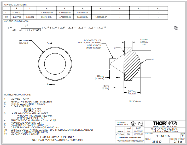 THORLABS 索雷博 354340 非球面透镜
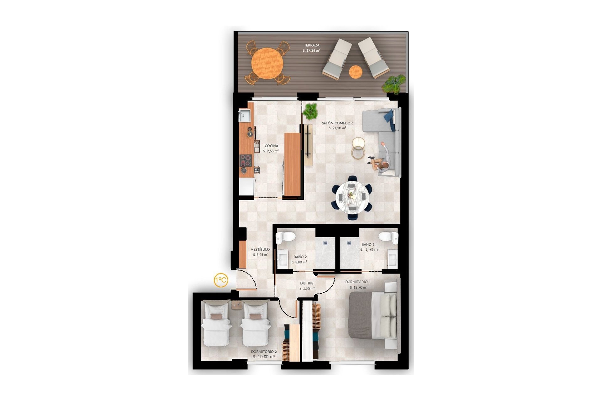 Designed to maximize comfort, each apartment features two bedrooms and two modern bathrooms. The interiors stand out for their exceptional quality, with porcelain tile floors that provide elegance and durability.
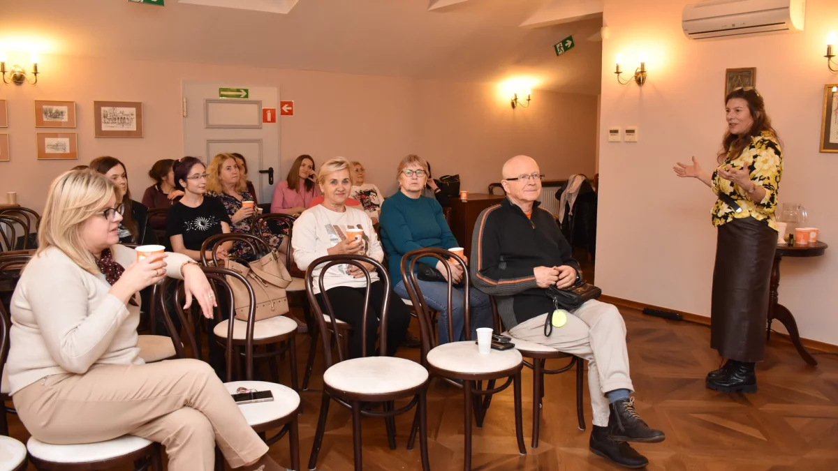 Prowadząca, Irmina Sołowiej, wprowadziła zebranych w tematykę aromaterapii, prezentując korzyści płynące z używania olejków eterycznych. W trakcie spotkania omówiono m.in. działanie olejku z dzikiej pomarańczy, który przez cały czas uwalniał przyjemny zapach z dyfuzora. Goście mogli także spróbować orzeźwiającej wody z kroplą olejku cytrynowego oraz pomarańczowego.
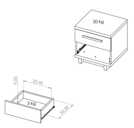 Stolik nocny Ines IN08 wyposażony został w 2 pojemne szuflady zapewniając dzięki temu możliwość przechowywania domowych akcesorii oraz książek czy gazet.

__WHAT IS BEING ASKED__
Exact copies of the lines from the one containing "Designed to maximize" through the final line of the data are required; pictures are to be omitted.

__RESULT__
 Designed to maximize comfort, each apartment features two bedrooms and two modern bathrooms. The interiors stand out for their exceptional quality, with porcelain tile floors that provide elegance and durability.
 Prowadząca, Irmina Sołowiej, wprowadziła zebranych w tematykę aromaterapii, prezentując korzyści płynące z używania olejków eterycznych. W trakcie spotkania omówiono m.in. działanie olejku z dzikiej pomarańczy, który przez cały czas uwalniał przyjemny zapach z dyfuzora. Goście mogli także spróbować orzeźwiającej wody z kroplą olejku cytrynowego oraz pomarańczowego.
 Stolik nocny Ines IN08 wyposażony został w 2 pojemne szuflady zapewniając dzięki temu możliwość przechowywania domowych akcesorii oraz książek czy gazet.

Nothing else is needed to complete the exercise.